May was a rare month, of late, where West Virginia revenue collection exceeded estimates - but the positive figures were "very deceiving," fueled primarily through funding transfers, supplemental appropriations and an early transfer of state lottery profits, Revenue Secretary Bob Kiss said Tuesday.
"If you back those numbers out, we would have not met our revenue estimates," Kiss said of the $314.7 million in taxes collected in May.
That amount exceeded estimates by $27.98 million, or nearly 10 percent, but that included $26.7 million in what Kiss called "gap-fill" funding transfers and a lottery transfer of $20.7 million that includes $10.2 million in lottery profits that were expected to be transferred this month.
Year-to-date, lottery transfers are $18.8 million ahead of projections, but as Deputy Revenue Secretary Mark Muchow noted, "All that means is, for June, we will be $18.8 million short."
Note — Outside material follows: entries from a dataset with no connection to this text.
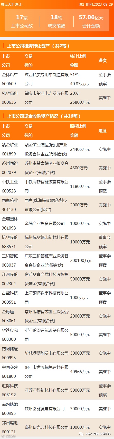 2023年8月29日,资产交易成交金额57.06亿元,上市公司17家,成交18笔,上市公司挂牌转让资产2笔,现金收购资产16笔。
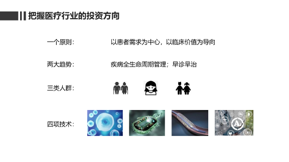 在这样的时代,我们该如何把握整个医疗行业的投资方向?这里既有机会也有风险。从19年基金设立时提出的一个原则,到疫情这三年,我们不断积累总结了两个趋势、三类人群和四项技术。
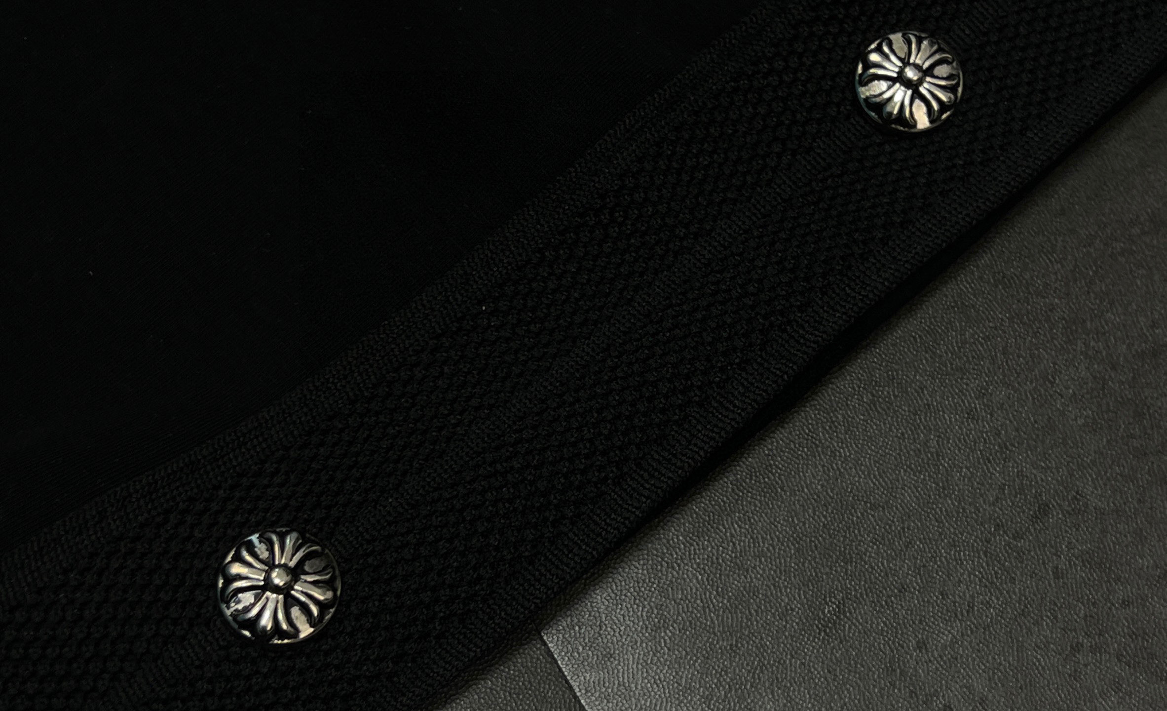 这款衣服是AAAAA 1:1 质量 (非常棒). 使用了和原版一模一样的材料. 商标部分也保持了和克罗心/Chrome Hearts一样. 图片拍摄是实物衣服拍摄, 您所收到的实物保证和我们图片一模一样.

However, Kiss said the bright spot of the May revenue report is that it appears the state will avoid the worst-case scenario of finishing the budget year on June 30 with a deficit of $464 million.
"We think that is now not likely," he said, "in fact, very unlikely."
With a $90 million mid-year spending cut ordered by Gov. Earl Ray Tomblin in October, combined with gap-fill funding transfers and supplemental appropriations approved in the regular and special legislative sessions, Kiss said West Virginia is on pace to finish fiscal 2015-16 with a balanced budget, or even a small surplus.
"We think we're on track to finish with a balanced budget, and hopefully do a little better than that," he said.
With June being the final month of the 2015-16 budget year, year-to-date, the state has collected a total of $3.64 billion in taxes, down $123.4 million from fiscal 2014-15, and $190 million short of estimates.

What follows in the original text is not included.